Cookies. On a Publisher Service, the Publisher shall comply with the Ecom Act, including the cookie notice obligation.
Aggregated data. To the extent the Company is entitled under Applicable Law and applicable agreements to aggregate Data (such as average click-rate etc. for benchmarking purposes), the Company shall upon request provide such aggregated data to the Publisher. For the avoidance of doubt, such aggregated Data shall be fully anonymised meaning that the Data is no longer personal data (in the meaning of the GDPR).

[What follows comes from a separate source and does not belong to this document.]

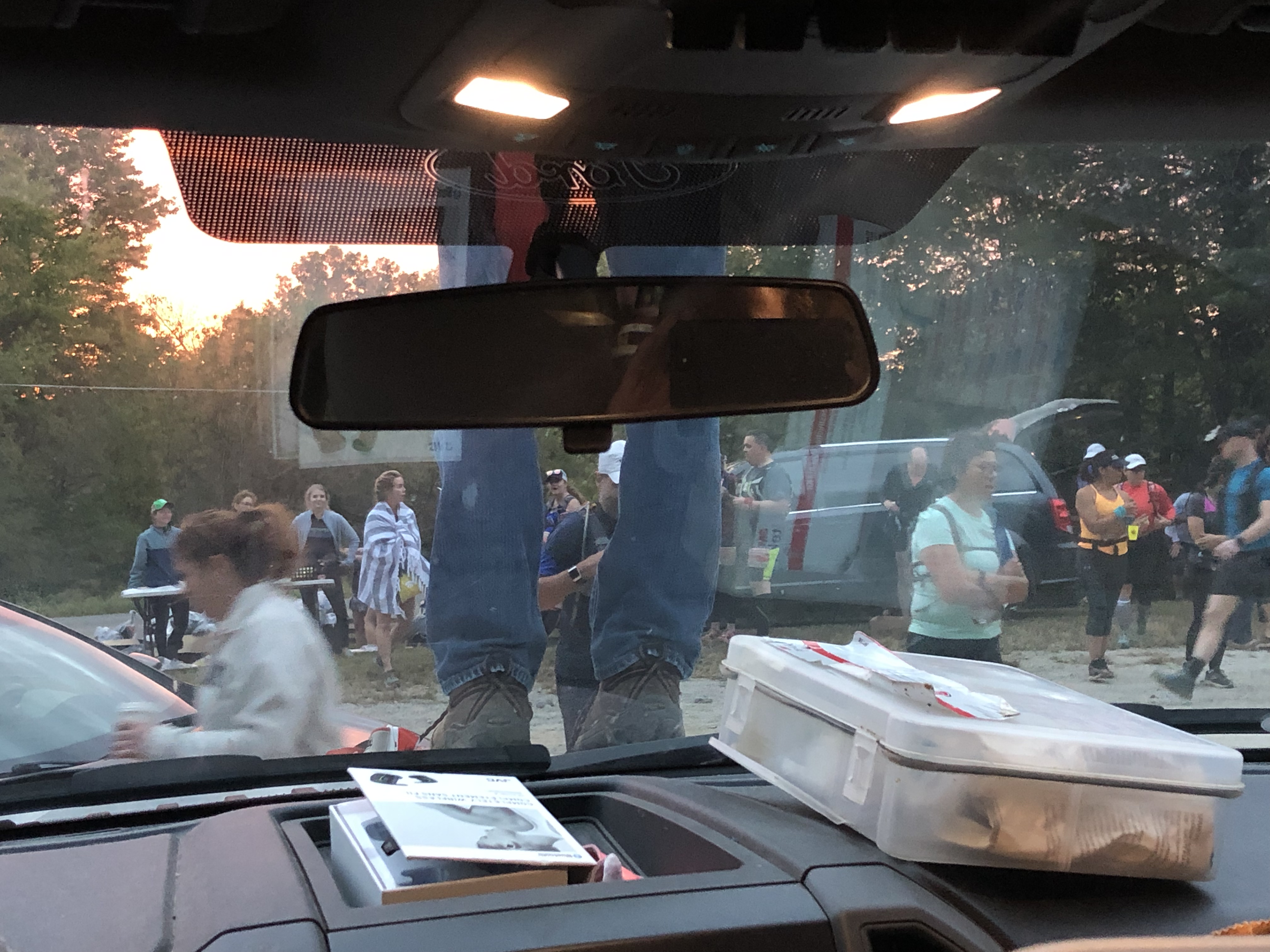 So rather than allowing me to lay across the hood of a volunteer’s running minivan Whitesnake style, the race director shoved the six of us into his truck. As he stood on the hood for the pre-race announcements.

Tools. A Company shall respect any conditions or restrictions that the Publisher may impose for the use of scripts or other tools on a Publisher Service. The Company acknowledges and agrees that such conditions or restrictions may affect the delivering or measuring of ads, however the Publisher will endeavour to limit such effects. The Company acknowledges that the Publisher may monitor the use of scripts or other tools used on a Publisher Service, including to monitor the adherence of this Data Policy.

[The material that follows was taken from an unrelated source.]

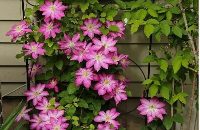 С мая по июль растение буквально покрывается огромными бутонами диаметром 14–18 см: шесть-восемь лепестков нежного пастельно-розового оттенка подчёркнуты аккуратной белой штрих-полосой вдоль каждой пластины. Контраст усиливают ярко-жёлтые тычинки, придавая композиции свежесть и динамику. Нежная гамма особенно выразительна на тёмных изгородях, кирпичных стенах или хвойных соседях.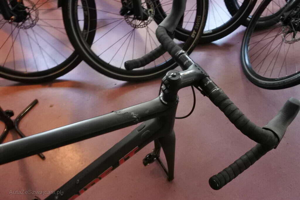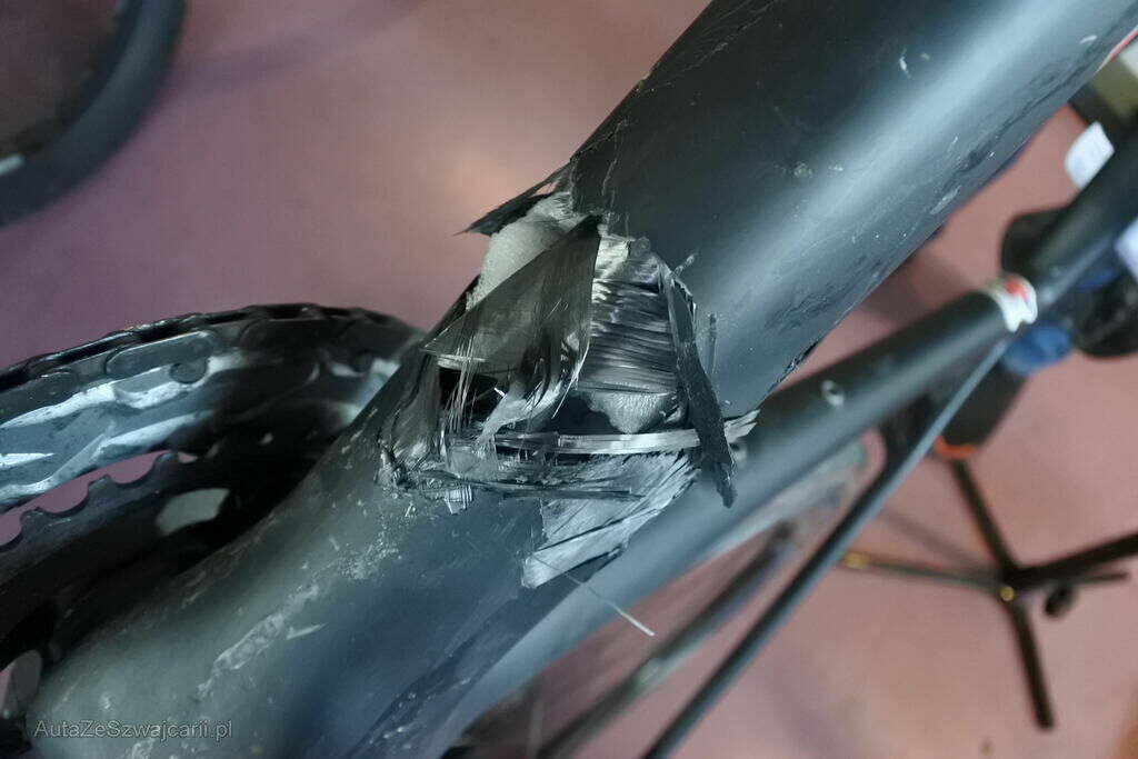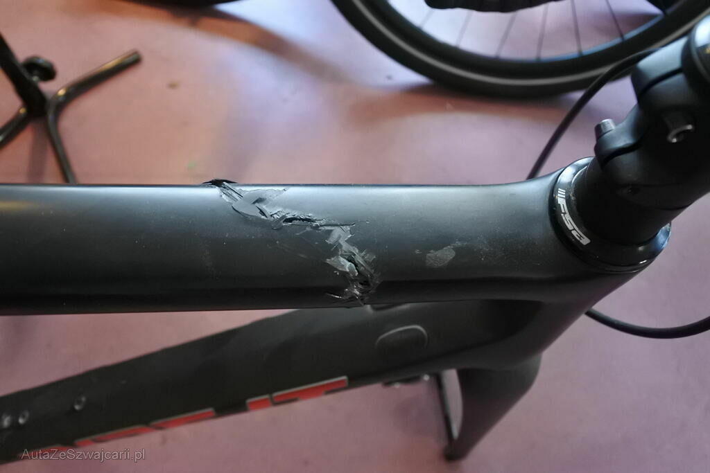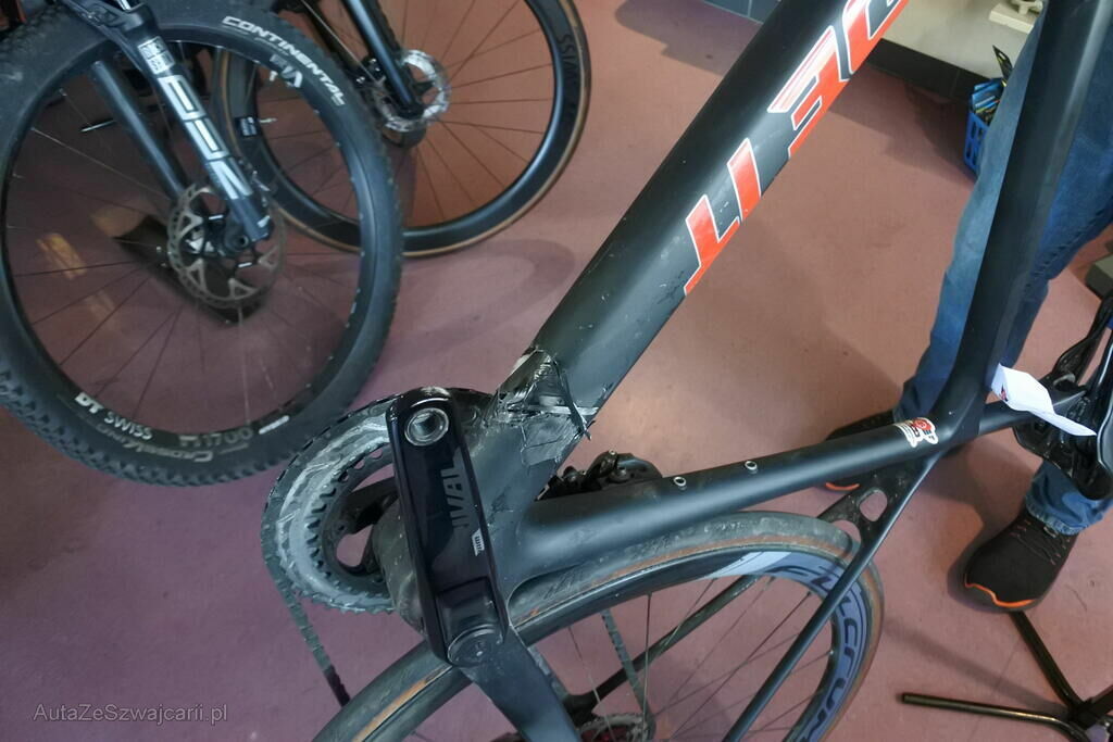 Der Carbon gefertigte Hauptrahmen ist ab Ober- und Unterzug zerrissen. Der Reifen vorne ist drucklos. Die Brems - u. Schalthebel sind beschädigt. Der Lenker inkl. Bandage ist deformiert und der Wechsel weist Kontaktspuren auf.

Data security. A Company shall maintain appropriate technical and organisational security measures to protect the Data against accidental or unlawful destruction or accidental loss, alteration, unauthorised disclosure or access. Notwithstanding the generality of the above, the Company shall limit access to the Data to personnel on a need-to-know basis and ensure that such personnel are subject to appropriate confidentiality obligations.
Data security breach. In the event of a security breach involving the Data, the Company shall without undue delay notify the Publisher, in order for the involved parties to respond to and address any data subject risks properly. The involved parties shall in good faith collaborate in relation to potential notification requirements to data protection authorities. Without the Publisher’s prior written approval, the Company is not entitled to mention or refer to the name or trademark of the Publisher in any breach notification to a supervisory authority or to the affected data subjects unless strictly necessary to comply with Applicable Law and always provided that the Publisher has been duly notified.
Data transfer. A Company shall not transfer personal data (in the meaning of the GDPR) to a third country or an international organisation unless the conditions laid down in Chapter V of the GDPR are complied with and the Publisher has received prior written notice about the transfer. For the avoidance of doubt, the Company is solely responsible for the lawfulness of such transfer.
Breach. A Company is liable to the Publisher and its affiliates for any costs, losses and expenses caused by its breach of this Data Policy. Any breach of this Data Policy constitutes a material breach of any other agreement relating to advertising campaigns run on a Publisher Service between the Publisher and the Company.
Exclusion. If the Publisher reasonably believes that a Company acts contrary to this Data Policy, the Publisher is entitled to temporarily stop a campaign and/or exclude the Company from running advertising campaigns on a Publisher Service. For the avoidance of doubt, such exclusion shall neither be deemed a violation of the Publisher of agreement relating to such advertising campaigns, nor shall such exclusions relieve the Company from fulfilling any other agreement that it may have with the Publisher.
[Changes. The Publisher may change this Data Policy from time to time. The change will be binding once published on the Publisher’s website or otherwise communicated to the Company, or – if the changes are material – 30 days following notice.]
Notices. When this Data Policy stipulates that a notice is to be sent in writing, it may also be sent by email.